Katja Nowick, Aaron T. Hamilton, Huimin Zhang, Lisa Stubbs

Research output: Contribution to journalArticle

Abstract

Recent segmental duplications (SDs), arising from duplication events that occurred within the past 35-40 My, have provided a major resource for the evolution of proteins with primate-specific functions. KRAB zinc finger (KRAB-ZNF) transcription factor genes are overrepresented among genes contained within these recent human SDs. Here, we examine the structural and functional diversity of the 70 human KRAB-ZNF genes involved in the most recent primate SD events including genes that arose in the hominid lineage. Despite their recent advent, many parent-daughter KRAB-ZNF gene pairs display significant differences in zinc finger structure and sequence, expression, and splicing patterns, each of which could significantly alter the regulatory functions of the paralogous genes.

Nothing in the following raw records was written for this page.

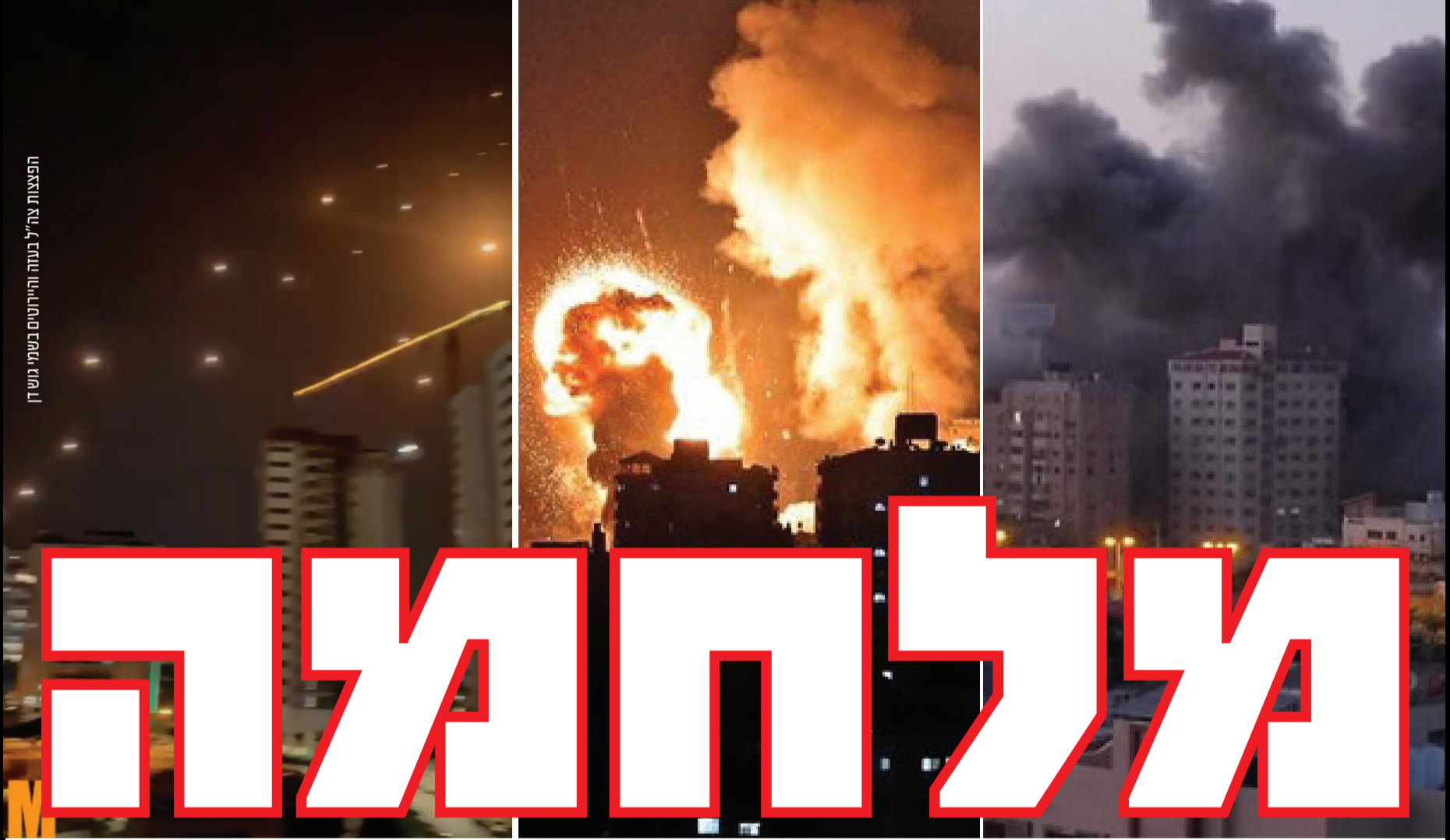
הפצצות צה"ל בעזה והיריטים בשמי גוש דן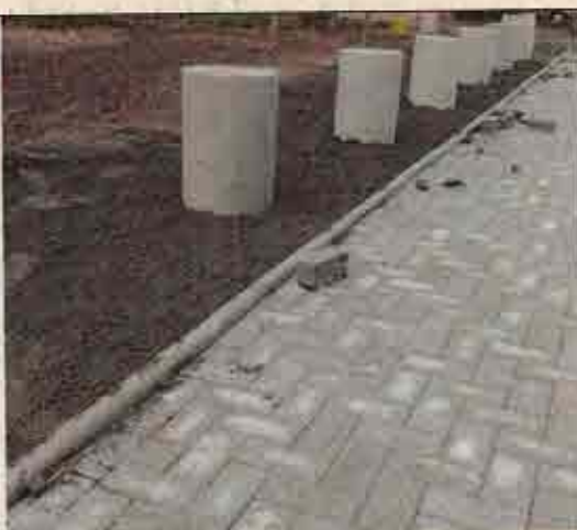
Foto N° 2: 23 de octubre de 2018. Área E, Block 106: Solerilla continua sin espaciamento cada 2 metros.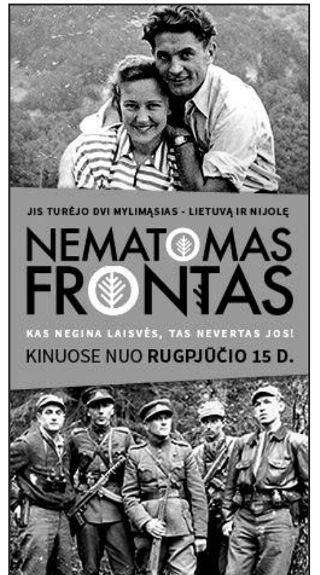
Filmo plakatas.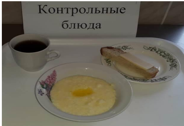
Завтрак для учащихся с ОВЗ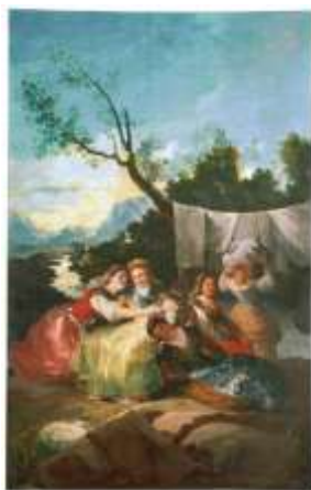
Imagen 10. Las lavanderas de Francisco de Goya.

Los datos cuantitativos se han validado con el programa SPSS en su última versión y los cualitativos con el programa NVivo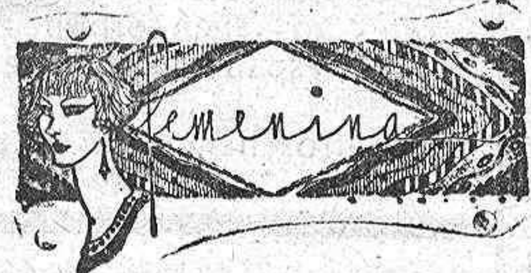
Para la perfecta casada

Si Fray Luis de León escribiera hoy su libro inmortal tendría que añadir inospechados consejos a los sabrosísimos, de entonces.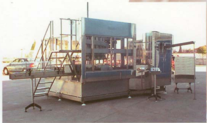
FMC 752 & MUPECK-UFRT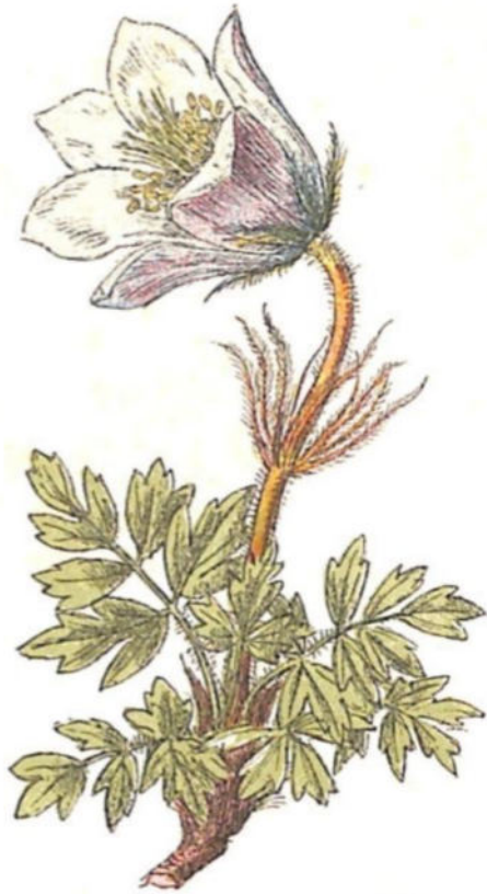
Anemone primaticcio ( Anemone vernalis L.)

Paralogs that emerged on the lineage to humans and chimpanzees have undergone more evolutionary changes per unit of time than genes already present in the common ancestor of rhesus macaques and great apes. Taken together, these data indicate that a substantial fraction of the recently evolved primate-specific KRAB-ZNF gene duplicates have acquired novel functions that may possibly define novel regulatory pathways and suggest an active ongoing selection for regulatory diversity in primates.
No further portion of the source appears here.